RAW DATA —
▶

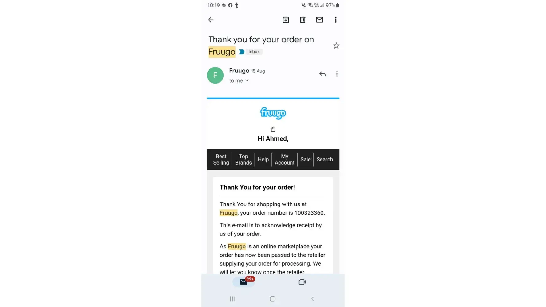 I paid for an item on fruugo.com and was quickly sent an email notification that my order had been received
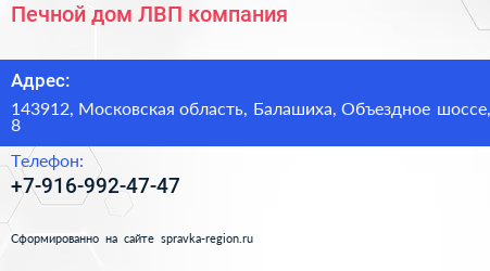 Печной дом ЛВП, компания по адресу 143912, Московская область, Балашиха, Объездное шоссе, 8 в дальнейшем Организация, размещена в следующих категориях:
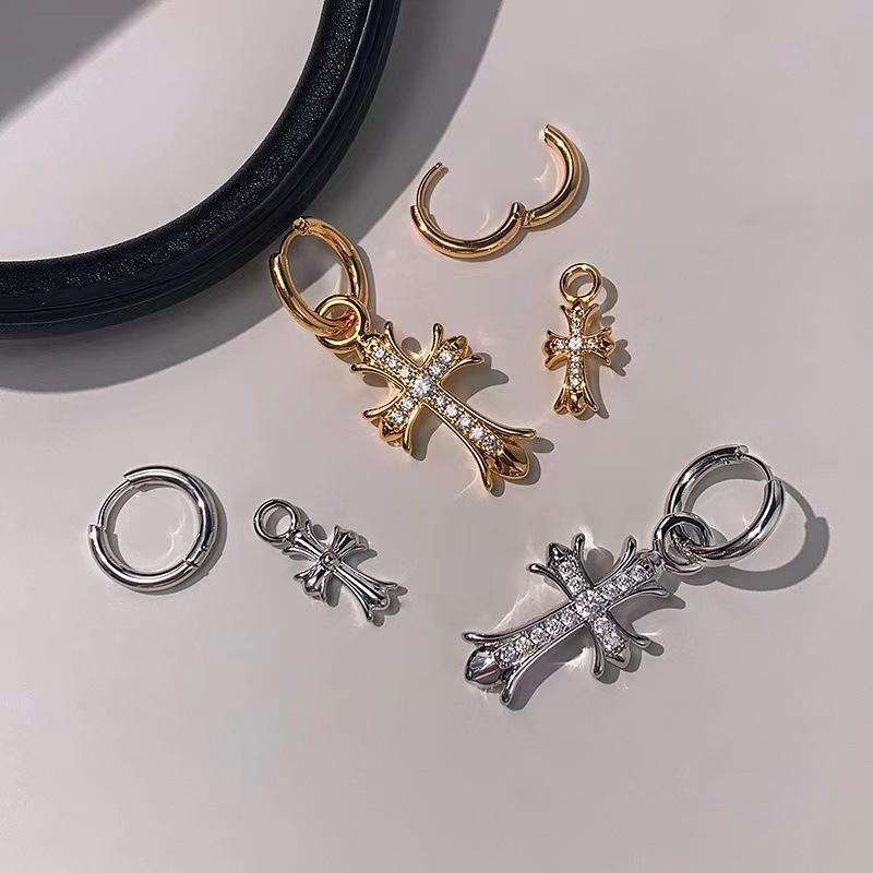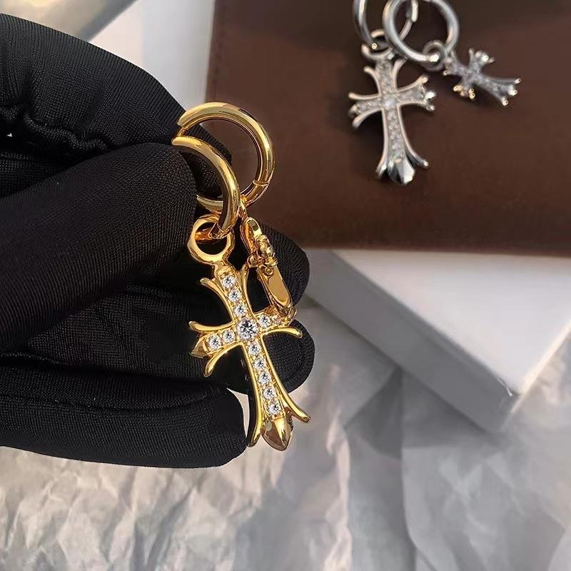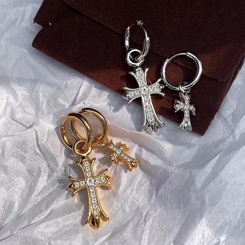 Discover the perfect blend of style and individuality with these AB-style cross earrings. Available in gold and silver tones and adorned with sparkling diamonds, they are inspired by the iconic “Chrome Hearts” aesthetic. Ideal for fashion-forward women who want to make a bold statement on any occasion.
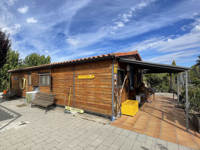 Kurz vor dem Fluss biegt links eine Wohngebietsstraß ab, an der sich ein Gartengrundstück mit einem unscheinbaren Holzhaus befindet. Das ist die kommunale Herberge mit zwei Vierbettzimmern, einer großen Küche und einem gemütlichen Aufenthaltsraum. Alles ganz ordentlich und sauber, wenn man mal vom Geschirr im Schrank absieht.

◀

Only the lines from the first line of the listing above through the line with "Discover the perfect" should be set down, exactly and without pictures.

ANSWER FOR THE TASK —
 I paid for an item on fruugo.com and was quickly sent an email notification that my order had been received
 Печной дом ЛВП, компания по адресу 143912, Московская область, Балашиха, Объездное шоссе, 8 в дальнейшем Организация, размещена в следующих категориях:
 Discover the perfect blend of style and individuality with these AB-style cross earrings. Available in gold and silver tones and adorned with sparkling diamonds, they are inspired by the iconic “Chrome Hearts” aesthetic. Ideal for fashion-forward women who want to make a bold statement on any occasion.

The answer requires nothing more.